When explaining the markings, “we’ve argued for notational systems before, but it’s always been fairly speculative as to what the people were counting and why they were counting,” says Brian Hayden, an archaeologist at Simon Fraser University in Burnaby, British Columbia, who peer-reviewed the paper. “This adds a lot more depth and specificity to why people were keeping calendars and how they were using them.”
Linguistic experts argue that, given the lack of conventional syntax and grammar, the marks wouldn’t be considered writing. But that doesn’t make the finding inherently less exciting, says paleoanthropologist Genevieve von Petzinger of the Polytechnic Institute of Tomar in Portugal, who wasn’t involved in the study. Writing systems are often mistakenly considered a pinnacle of achievement, when in fact writing would be developed only in cultural contexts where it’s useful, she says. Instead, it’s significant that the marks provide a way to keep records outside of the mind.

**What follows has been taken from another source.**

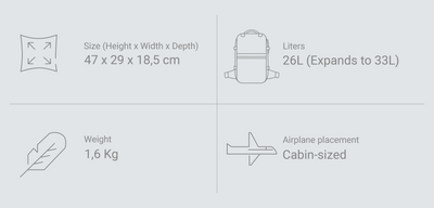 Ventaja clave: hasta 33Lcuando lo necesitas, 26L cuando quieres ir compacto.
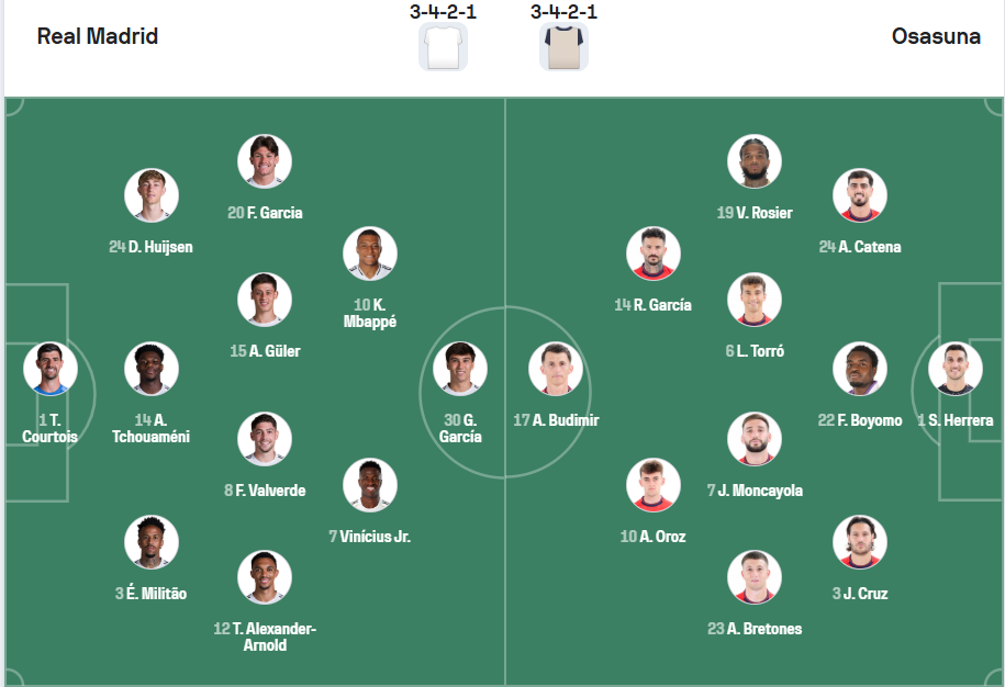 Real Madrid vừa trải qua một mùa giải thất bại, họ không giành được bất cứ danh hiệu nào. Kèm theo đó là sự thay đổi trên băng ghế chỉ đạo nên có rất nhiều dấu hỏi dành cho Real Madrid khi bắt đầu mùa giải này. Đội bóng của HLV Xabi Alonso cần chứng minh vị thế của mình nên muốn có khởi đầu mùa giải thật tốt, không cách nào khác ngoài viêc giành chiến thắng trước Osasuna ở trận đấu ra quân. Trước đối thủ yếu hơn nhiều thì đây không phải nhiệm vụ quá khó khăn, nhiều khả năng Real Madrid sẽ có chiến thắng với tỉ số cách biệt.

“In a way, that was the huge cognitive leap,” she says. “Suddenly, we have the ability to preserve [information] beyond the moment. We have the ability to transmit it across space and time. Everything starts to change.”
The debate over these marks’ meanings continues. Archaeologist April Nowell doesn’t buy many of the team’s assumptions. “It boggles my mind why one would need a calendar … to predict that animals were going to have offspring in the spring,” says Nowell, of the University of Victoria in British Columbia. “The amount of information that this calendar is providing, if it really is a calendar, is quite minimal.”
Hayden adds that, while the basic pattern would still hold, some of the cave marks had “wiggle room for interpretation.” The next step, he says, will be to review and verify the interpretations of the marks.